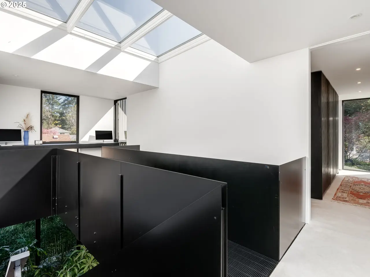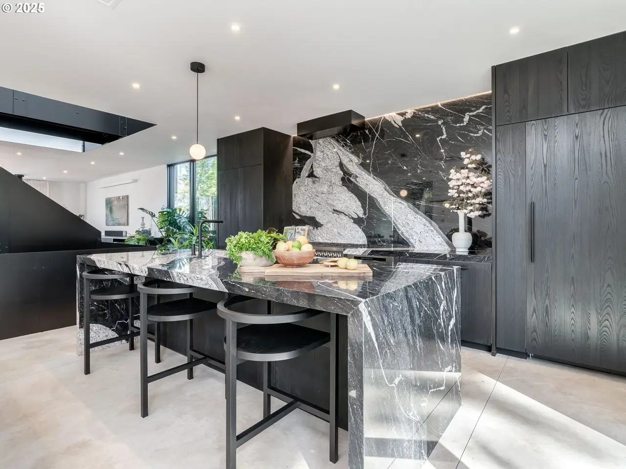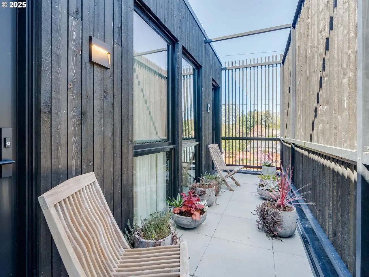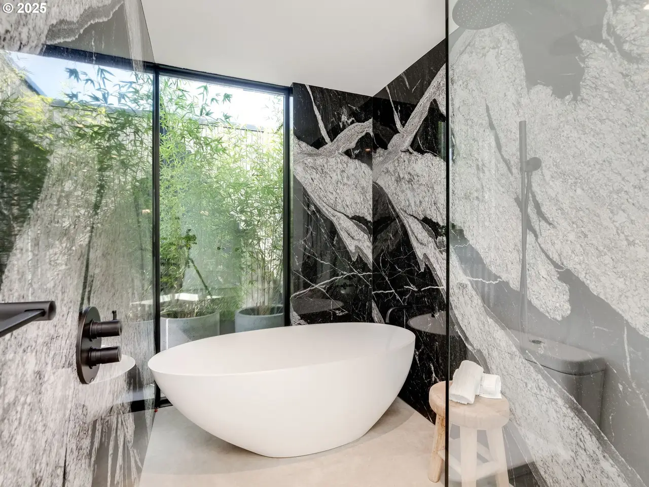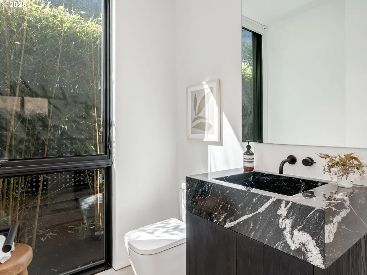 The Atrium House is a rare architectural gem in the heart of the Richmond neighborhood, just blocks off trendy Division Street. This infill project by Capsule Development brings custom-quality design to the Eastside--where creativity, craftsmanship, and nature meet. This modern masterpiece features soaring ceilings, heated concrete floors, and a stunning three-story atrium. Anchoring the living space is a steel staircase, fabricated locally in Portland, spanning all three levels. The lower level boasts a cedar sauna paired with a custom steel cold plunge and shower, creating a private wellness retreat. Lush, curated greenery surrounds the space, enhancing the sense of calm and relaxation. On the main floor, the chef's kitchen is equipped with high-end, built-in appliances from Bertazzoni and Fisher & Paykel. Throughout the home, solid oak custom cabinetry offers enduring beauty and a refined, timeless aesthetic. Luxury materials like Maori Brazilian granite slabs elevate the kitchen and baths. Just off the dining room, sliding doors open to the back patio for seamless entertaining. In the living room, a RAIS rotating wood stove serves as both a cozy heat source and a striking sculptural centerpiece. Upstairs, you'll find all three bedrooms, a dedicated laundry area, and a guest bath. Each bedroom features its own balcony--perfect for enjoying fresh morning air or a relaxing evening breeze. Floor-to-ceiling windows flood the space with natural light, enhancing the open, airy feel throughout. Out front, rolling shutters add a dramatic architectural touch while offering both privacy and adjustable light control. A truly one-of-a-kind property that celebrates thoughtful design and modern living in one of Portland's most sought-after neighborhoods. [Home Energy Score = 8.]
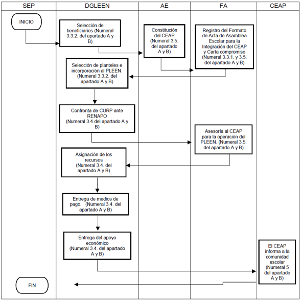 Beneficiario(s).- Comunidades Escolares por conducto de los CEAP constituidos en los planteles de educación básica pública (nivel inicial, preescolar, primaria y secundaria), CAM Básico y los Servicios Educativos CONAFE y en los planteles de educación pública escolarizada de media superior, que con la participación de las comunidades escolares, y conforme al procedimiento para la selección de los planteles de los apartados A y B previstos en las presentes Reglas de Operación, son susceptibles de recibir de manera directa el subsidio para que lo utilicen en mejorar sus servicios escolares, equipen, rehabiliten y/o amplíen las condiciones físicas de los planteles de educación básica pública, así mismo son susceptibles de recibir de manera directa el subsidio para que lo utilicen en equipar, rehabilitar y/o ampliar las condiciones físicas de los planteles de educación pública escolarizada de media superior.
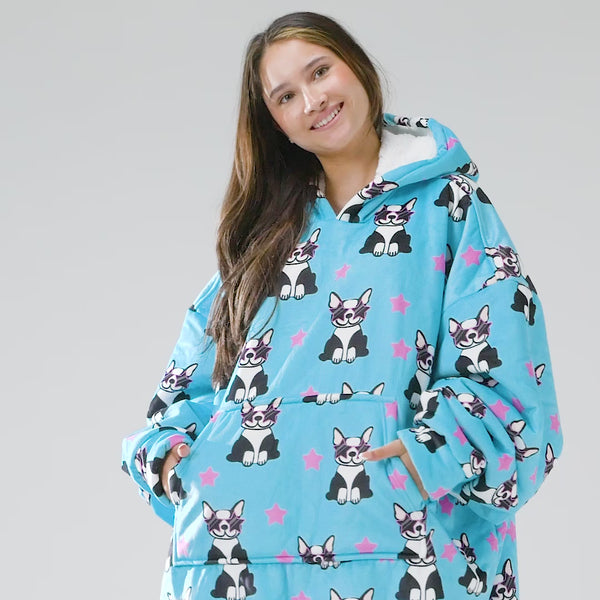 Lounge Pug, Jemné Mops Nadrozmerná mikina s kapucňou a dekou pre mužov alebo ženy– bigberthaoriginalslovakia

• • • •

_The task_: Could you return the listing above exactly, minus its pictures?

_Exercise solution_:
 The Atrium House is a rare architectural gem in the heart of the Richmond neighborhood, just blocks off trendy Division Street. This infill project by Capsule Development brings custom-quality design to the Eastside--where creativity, craftsmanship, and nature meet. This modern masterpiece features soaring ceilings, heated concrete floors, and a stunning three-story atrium. Anchoring the living space is a steel staircase, fabricated locally in Portland, spanning all three levels. The lower level boasts a cedar sauna paired with a custom steel cold plunge and shower, creating a private wellness retreat. Lush, curated greenery surrounds the space, enhancing the sense of calm and relaxation. On the main floor, the chef's kitchen is equipped with high-end, built-in appliances from Bertazzoni and Fisher & Paykel. Throughout the home, solid oak custom cabinetry offers enduring beauty and a refined, timeless aesthetic. Luxury materials like Maori Brazilian granite slabs elevate the kitchen and baths. Just off the dining room, sliding doors open to the back patio for seamless entertaining. In the living room, a RAIS rotating wood stove serves as both a cozy heat source and a striking sculptural centerpiece. Upstairs, you'll find all three bedrooms, a dedicated laundry area, and a guest bath. Each bedroom features its own balcony--perfect for enjoying fresh morning air or a relaxing evening breeze. Floor-to-ceiling windows flood the space with natural light, enhancing the open, airy feel throughout. Out front, rolling shutters add a dramatic architectural touch while offering both privacy and adjustable light control. A truly one-of-a-kind property that celebrates thoughtful design and modern living in one of Portland's most sought-after neighborhoods. [Home Energy Score = 8.]
 Beneficiario(s).- Comunidades Escolares por conducto de los CEAP constituidos en los planteles de educación básica pública (nivel inicial, preescolar, primaria y secundaria), CAM Básico y los Servicios Educativos CONAFE y en los planteles de educación pública escolarizada de media superior, que con la participación de las comunidades escolares, y conforme al procedimiento para la selección de los planteles de los apartados A y B previstos en las presentes Reglas de Operación, son susceptibles de recibir de manera directa el subsidio para que lo utilicen en mejorar sus servicios escolares, equipen, rehabiliten y/o amplíen las condiciones físicas de los planteles de educación básica pública, así mismo son susceptibles de recibir de manera directa el subsidio para que lo utilicen en equipar, rehabilitar y/o ampliar las condiciones físicas de los planteles de educación pública escolarizada de media superior.
 Lounge Pug, Jemné Mops Nadrozmerná mikina s kapucňou a dekou pre mužov alebo ženy– bigberthaoriginalslovakia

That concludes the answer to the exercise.